- [PROBLEM DETAILS]:
Using the material below, print a verbatim copy of every line from the one containing "Felpa unisex in" through the one containing "In reality, the", inclusive, and omit the pictures.

- [RECORD EXCERPTS]:
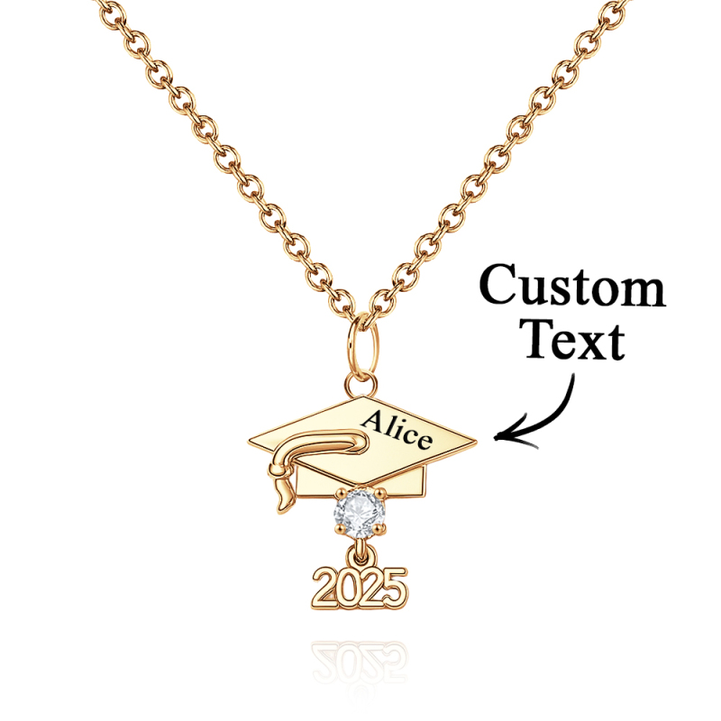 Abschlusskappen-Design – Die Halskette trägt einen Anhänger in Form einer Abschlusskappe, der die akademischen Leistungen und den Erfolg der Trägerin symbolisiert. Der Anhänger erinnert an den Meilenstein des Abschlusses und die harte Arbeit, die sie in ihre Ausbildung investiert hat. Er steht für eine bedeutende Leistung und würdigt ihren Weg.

---

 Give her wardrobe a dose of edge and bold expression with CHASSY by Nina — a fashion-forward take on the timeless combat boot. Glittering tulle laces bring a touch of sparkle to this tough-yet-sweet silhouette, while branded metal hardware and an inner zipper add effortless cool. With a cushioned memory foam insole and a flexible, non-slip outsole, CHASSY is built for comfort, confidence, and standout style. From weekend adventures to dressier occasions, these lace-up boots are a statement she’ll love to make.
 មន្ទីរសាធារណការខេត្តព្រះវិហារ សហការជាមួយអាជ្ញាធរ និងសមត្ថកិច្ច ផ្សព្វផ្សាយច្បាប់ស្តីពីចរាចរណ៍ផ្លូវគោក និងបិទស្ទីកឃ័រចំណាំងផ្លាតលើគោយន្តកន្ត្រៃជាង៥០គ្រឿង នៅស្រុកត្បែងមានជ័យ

* * *

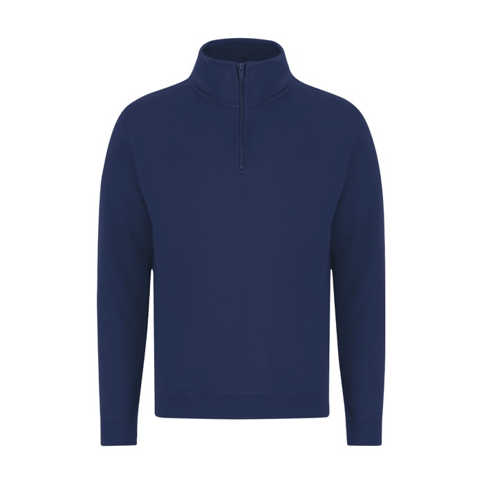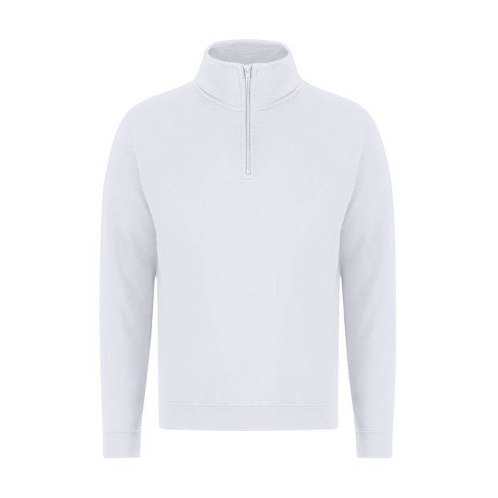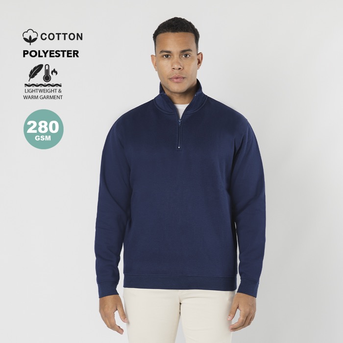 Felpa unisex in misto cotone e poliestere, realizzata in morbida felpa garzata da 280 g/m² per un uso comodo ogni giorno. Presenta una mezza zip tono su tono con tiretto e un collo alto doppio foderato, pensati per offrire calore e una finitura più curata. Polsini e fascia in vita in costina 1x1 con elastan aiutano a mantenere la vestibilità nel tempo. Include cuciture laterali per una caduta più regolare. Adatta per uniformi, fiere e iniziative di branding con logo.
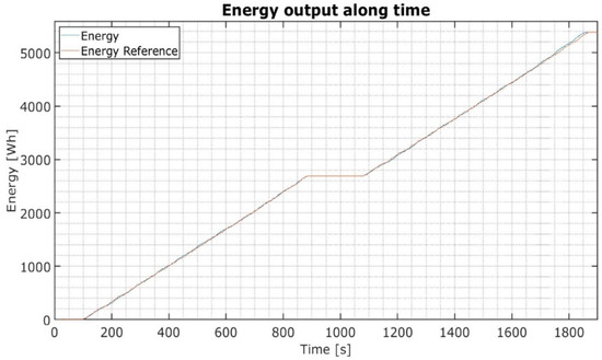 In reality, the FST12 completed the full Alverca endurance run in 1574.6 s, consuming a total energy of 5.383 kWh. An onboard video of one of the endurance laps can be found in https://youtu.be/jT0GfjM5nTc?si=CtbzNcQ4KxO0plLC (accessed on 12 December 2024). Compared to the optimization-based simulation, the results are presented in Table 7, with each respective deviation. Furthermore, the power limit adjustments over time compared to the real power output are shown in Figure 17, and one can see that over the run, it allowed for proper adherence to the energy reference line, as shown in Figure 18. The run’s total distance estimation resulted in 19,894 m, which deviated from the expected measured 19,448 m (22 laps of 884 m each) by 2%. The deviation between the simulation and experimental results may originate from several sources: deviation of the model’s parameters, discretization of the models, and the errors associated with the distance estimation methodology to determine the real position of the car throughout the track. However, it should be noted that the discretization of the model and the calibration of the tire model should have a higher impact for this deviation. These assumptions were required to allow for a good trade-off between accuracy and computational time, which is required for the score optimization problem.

- [REPLY]:
 Felpa unisex in misto cotone e poliestere, realizzata in morbida felpa garzata da 280 g/m² per un uso comodo ogni giorno. Presenta una mezza zip tono su tono con tiretto e un collo alto doppio foderato, pensati per offrire calore e una finitura più curata. Polsini e fascia in vita in costina 1x1 con elastan aiutano a mantenere la vestibilità nel tempo. Include cuciture laterali per una caduta più regolare. Adatta per uniformi, fiere e iniziative di branding con logo.
 In reality, the FST12 completed the full Alverca endurance run in 1574.6 s, consuming a total energy of 5.383 kWh. An onboard video of one of the endurance laps can be found in https://youtu.be/jT0GfjM5nTc?si=CtbzNcQ4KxO0plLC (accessed on 12 December 2024). Compared to the optimization-based simulation, the results are presented in Table 7, with each respective deviation. Furthermore, the power limit adjustments over time compared to the real power output are shown in Figure 17, and one can see that over the run, it allowed for proper adherence to the energy reference line, as shown in Figure 18. The run’s total distance estimation resulted in 19,894 m, which deviated from the expected measured 19,448 m (22 laps of 884 m each) by 2%. The deviation between the simulation and experimental results may originate from several sources: deviation of the model’s parameters, discretization of the models, and the errors associated with the distance estimation methodology to determine the real position of the car throughout the track. However, it should be noted that the discretization of the model and the calibration of the tire model should have a higher impact for this deviation. These assumptions were required to allow for a good trade-off between accuracy and computational time, which is required for the score optimization problem.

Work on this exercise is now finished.